Using the listing below, print the line containing "2025-2026 MOKSLO METŲ", the line containing "Every detail of", and each line between them, exactly and nothing else. Pictures stay out of the print.

Segment Start: SUPPLIED RECORDS

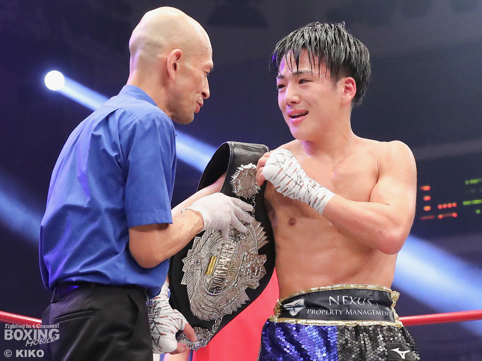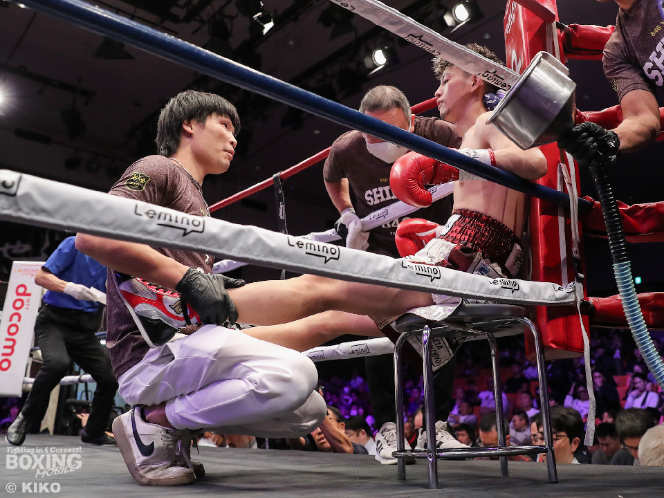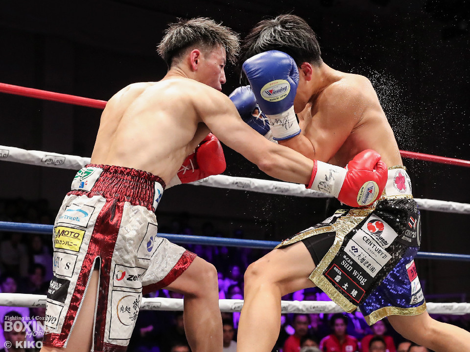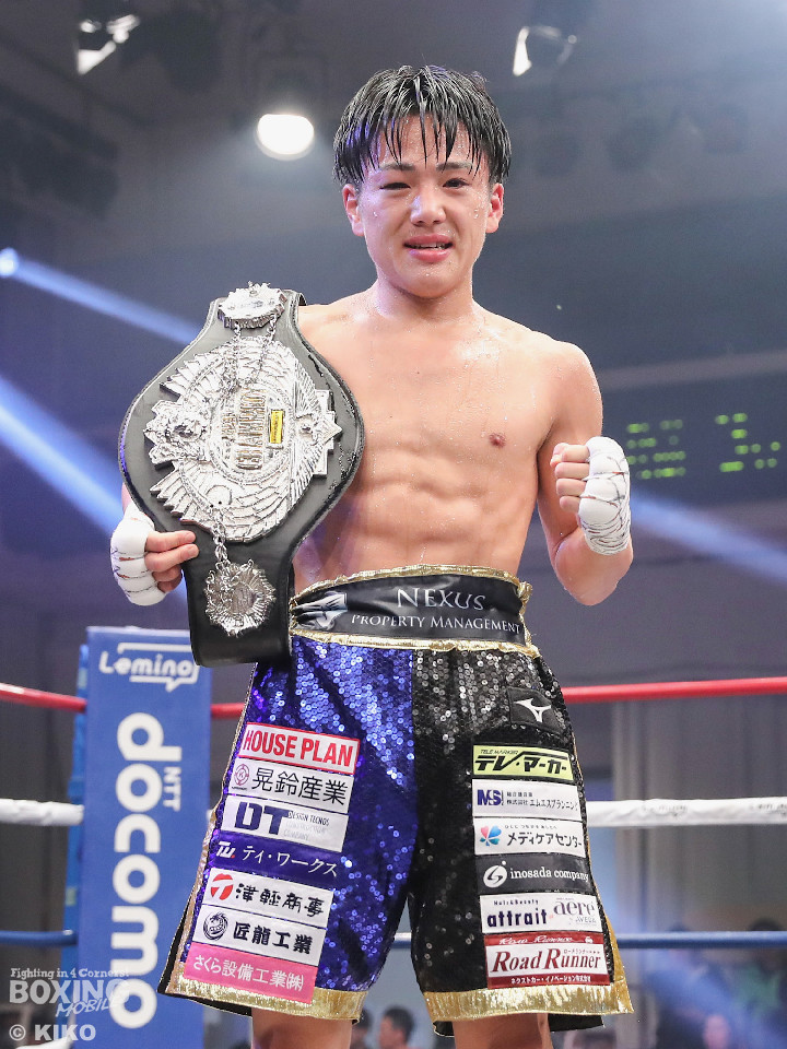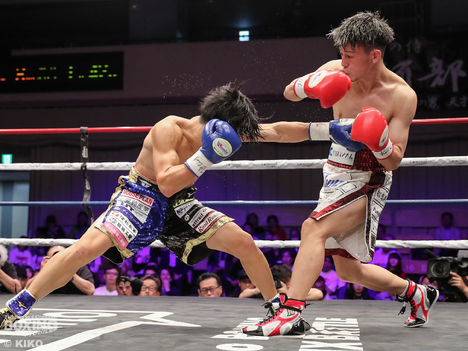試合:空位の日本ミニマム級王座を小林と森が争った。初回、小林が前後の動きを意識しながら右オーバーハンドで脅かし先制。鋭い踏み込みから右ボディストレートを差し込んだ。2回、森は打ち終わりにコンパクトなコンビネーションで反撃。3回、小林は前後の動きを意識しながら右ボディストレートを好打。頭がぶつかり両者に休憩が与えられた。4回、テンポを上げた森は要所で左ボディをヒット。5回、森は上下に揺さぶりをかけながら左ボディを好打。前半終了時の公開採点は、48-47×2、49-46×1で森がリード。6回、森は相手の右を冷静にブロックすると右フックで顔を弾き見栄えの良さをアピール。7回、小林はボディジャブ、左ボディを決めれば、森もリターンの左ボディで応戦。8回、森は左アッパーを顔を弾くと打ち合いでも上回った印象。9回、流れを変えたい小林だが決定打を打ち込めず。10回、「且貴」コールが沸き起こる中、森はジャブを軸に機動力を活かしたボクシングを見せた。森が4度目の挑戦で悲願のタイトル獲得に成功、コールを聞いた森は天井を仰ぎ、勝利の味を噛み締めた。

Segment End: SUPPLIED RECORDS
Segment Start: SUPPLIED RECORDS

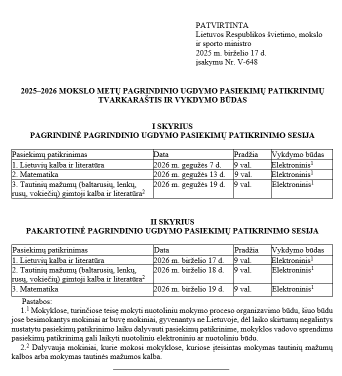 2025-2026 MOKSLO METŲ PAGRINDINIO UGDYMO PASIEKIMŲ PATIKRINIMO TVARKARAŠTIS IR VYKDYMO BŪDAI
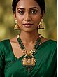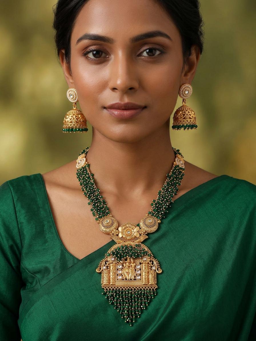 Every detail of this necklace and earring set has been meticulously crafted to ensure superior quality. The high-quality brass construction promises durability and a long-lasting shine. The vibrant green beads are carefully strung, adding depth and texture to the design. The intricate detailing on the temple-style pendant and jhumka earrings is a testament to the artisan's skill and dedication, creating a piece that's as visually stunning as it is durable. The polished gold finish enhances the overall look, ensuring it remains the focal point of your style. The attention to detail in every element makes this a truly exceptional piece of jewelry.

Segment End: SUPPLIED RECORDS
Segment Start: SUPPLIED RECORDS

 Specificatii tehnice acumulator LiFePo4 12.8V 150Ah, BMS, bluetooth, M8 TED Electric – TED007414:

Segment End: SUPPLIED RECORDS

→ RESPONSE TO THE TASK:
 2025-2026 MOKSLO METŲ PAGRINDINIO UGDYMO PASIEKIMŲ PATIKRINIMO TVARKARAŠTIS IR VYKDYMO BŪDAI
 Every detail of this necklace and earring set has been meticulously crafted to ensure superior quality. The high-quality brass construction promises durability and a long-lasting shine. The vibrant green beads are carefully strung, adding depth and texture to the design. The intricate detailing on the temple-style pendant and jhumka earrings is a testament to the artisan's skill and dedication, creating a piece that's as visually stunning as it is durable. The polished gold finish enhances the overall look, ensuring it remains the focal point of your style. The attention to detail in every element makes this a truly exceptional piece of jewelry.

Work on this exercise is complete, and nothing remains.